We should constantly remember the services and sacrifices made on our behalf by our armed forces and their families.
With permission, Mr Speaker, I would like to make a Statement on our intelligence services and allegations made about the treatment of detainees.
For the past few years, the reputation of our security services has been overshadowed by allegations about their involvement in the treatment of detainees held by other countries.
Some of these detainees allege they were mistreated by those countries.
Other allegations have also been made about the UK’s involvement in the rendition of detainees in the aftermath of 9/11.
These allegations are not proven.
But today, we do face a totally unsatisfactory situation.
Our services are paralysed by paperwork as they try to defend themselves in lengthy court cases with uncertain rules.
Our reputation as a country that believes in human rights, justice, fairness and the rule of law indeed for much of what the Services exist to protect risks being tarnished.
Public confidence is being eroded with people doubting the ability of our Services to protect us and questioning the rules under which they operate. And terrorists and extremists are able to exploit these allegations for their own propaganda.
Mr Speaker, myself, the Deputy Prime Minister, the coalition government we all believe it is time to clear this matter up once and for all.
So today I want to set out how we will deal with the problems of the past how we will sort out the future and, crucially, how we can make sure the security services can get on, do their job and keep us safe.
But first, let’s be clear about the work they do.
I believe we have the finest intelligence services in the world.
In the past, it was the intelligence services that cracked the secrets of Enigma and helped deliver victory in World War II. They recruited Russian spies like Gordievsky and Mitrokin and kept Britain safe in the Cold War. And they helped disrupt the Provisional IRA in the 1980s and 1990s.
Today, these tremendous acts of bravery continue. Every day intelligence officers track terrorist threats and disrupt plots. They prevent the world’s most dangerous weapons falling into the hands of the world’s most dangerous states. And they give our forces in Afghanistan the information they need to take key decisions.
They do this without any public or often even private recognition, and despite the massive personal risks to their safety.
We should never forget that some officers have died for this country.

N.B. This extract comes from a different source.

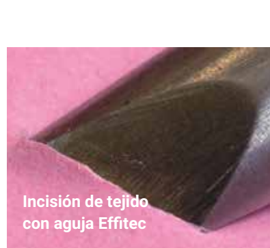
Incisión de tejido con aguja Effitec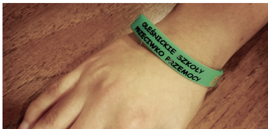
Opaska to jedynie symbol, który każdego dnia ma przypominać o konieczności walki z przemocą

Najgorzej jest, kiedy człowiek rozłoży ręce i powie, że nic nie może zrobić lub zacznie jedynie narzekać na złe wychowanie, media, gry komputerowe i brak poszanowania dla podstawowych wartości – mówią pomysłodawcy programu „Oleśnickie szkoły przeciwko przemocy”, który jest realizowany wśród uczniów najstarszych klas szkół podstawowych w naszym mieście. Jego założeniem jest przeciwdziałanie przemocy, zarówno doświadczanej w rodzinie lub pomiędzy rówieśnikami, jak i obecnej w internecie. Uczniowie podczas spotkań, warsztatów i prelekcji zdobywają nie tylko wiedzę na temat źródeł przemocy i sposobów reagowania na nią, ale także dowiadują się, jak chronić siebie i in-

Their names are not known. Their loved ones must mourn in secret. The service they have given to our country is not publicly recognised.
We owe them and every intelligence officer in our country an enormous debt of gratitude.
And, as Minister for the Intelligence Services, I am determined to do everything possible to help them get on with the job they trained to do and we desperately need them to do.
However, to do that, we need to resolve the issues of the past.
Mr. Speaker, while there is no evidence that any British officer was directly engaged in torture in the aftermath of 9/11 there are questions over the degree to which British officers were working with foreign security services who were treating detainees in ways they should not have done.
About a dozen cases have been brought in court about the actions of UK personnel including, for example, that since 9/11 they may have witnessed mistreatment such as the use of hoods and shackles.
This has led to accusations that Britain may have been complicit in the mistreatment of detainees.
The longer these questions remain unanswered, the bigger the stain on our reputation as a country that believes in freedom, fairness and human rights grows.
That’s why, Mr. Speaker, myself and the Deputy Prime Minister are determined to get to the bottom of what happened.
The intelligence services also keen publicly to establish their principles and integrity.
So we will have a single, authoritative examination of all these issues. We can’t start that inquiry while criminal investigations are ongoing. And it’s not feasible to start it when there so many civil law suits that remain unresolved.
So we want to do everything we can to help that process along. That’s why we are committed to mediation with those who have brought civil claims about their detention in Guantanamo. And wherever appropriate, we will offer compensation.
As soon as we’ve made enough progress, an independent Inquiry will be held.
It will look at whether Britain was implicated in the improper treatment of detainees held by other countries that may have occurred in the aftermath of 9/11. And if we were, what went wrong, and what do we need to do to learn the lessons.
So the inquiry will need to look at our security departments and intelligence services.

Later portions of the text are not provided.